Tracks, Practice Spaces, Network Gatherings
As AMC networks grow and deepen, we are designing new structures of conference content to nurture those networks. AMC2012 features three types of content structures: Tracks, Practice Spaces, and Network Gatherings. [Learn more about these new AMC content areas.]
TRACKS
In this track we will explore and expand the web's potential for building communities and working towards social justice. Through creating and curating web content, coding and designing, remixing and sharing we can all find ways to plug into webmaking. In this track, we'll learn how to feed community webmaking needs; exploring everything from hacking and crafting a wide range of web technologies to creating sweet new web-based tools using free and open source software. Throughout our track we will be unpacking stereotypes and examining the barriers around who makes technology, who uses it, and what the webmaking process itself looks like. This track is for everyone, from curious beginners to experts who want to make their work more inclusive.
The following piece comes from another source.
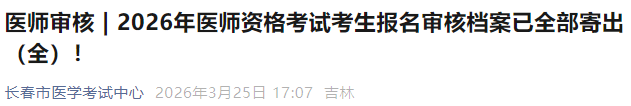 官方速報:吉林長春2026年醫(yī)師資格考試考區(qū)復(fù)審全部結(jié)束,蓋章即為通過!請相關(guān)考生及時查看考點官方通知,注意查收檔案!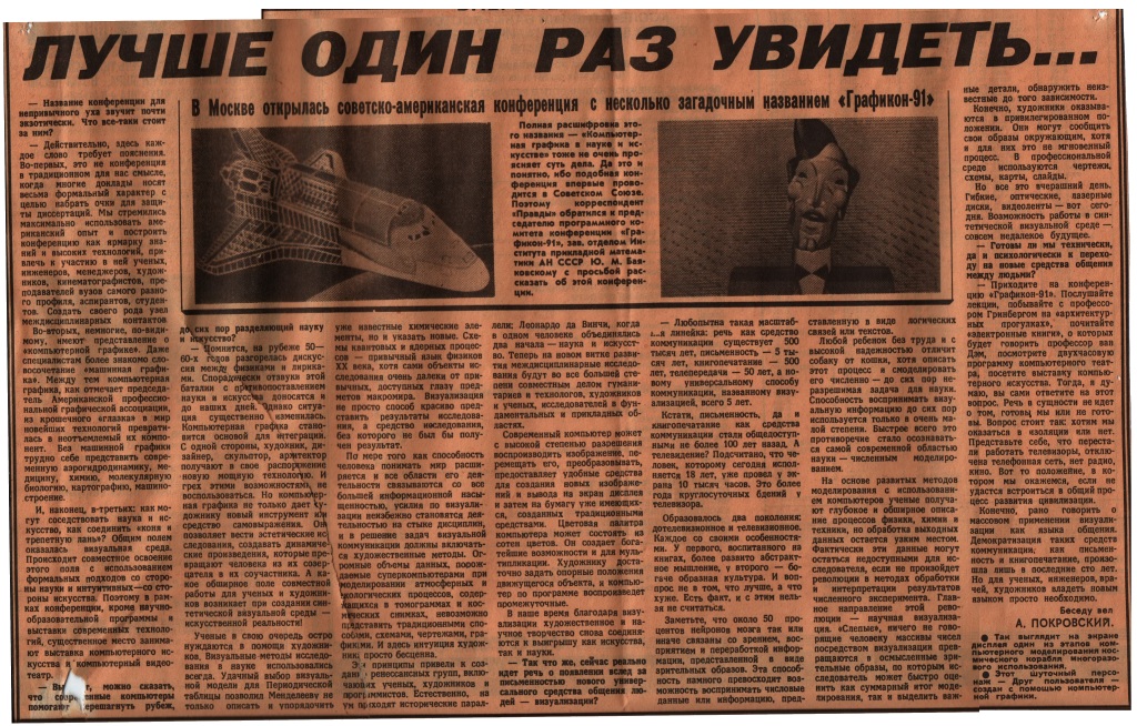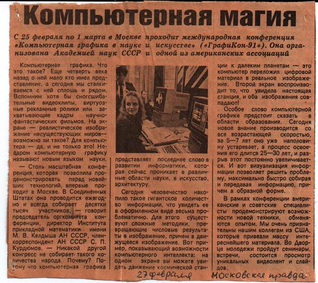 Рис.2. На этих двух сканах(склеены) помещена статья, посвященная Графикону-91, в самой главной в СССР газете «Правда», органе ЦК КПСС. (Все разборчиво читается, если увеличить, большая картинка по клику)

The Analog Track aims to provide skills to individuals frustrated with the dominance of digital technology and seeking alternatives to digital media. How do we create community beyond your Facebook status? How can we cultivate "real world" connections through things like sports teams, sewing circles, or street art crews? Can you make a magazine, book , or comic from your home and have it matter? Can you record and produce an album from your bedroom? Could you live without electricity or find your own water? Do you know whether there are plants and animals where you live that are useful, healthy, tasty, and sustainable? This track is open to anyone who wants to learn skills using hands on, interactive, analog approaches to media and community-building.
In the Research Justice Track we will explore a variety of participatory research skills and engage in strategic conversations aimed at supporting social justice movements and community voices. We recognize that for many, "research" is "one of the dirtiest words" (to quote Maori scholar/activist, Linda Tuhiwai-Smith) in oppressed communities given our history of being scrutinized (and more) through outsider-led “research.”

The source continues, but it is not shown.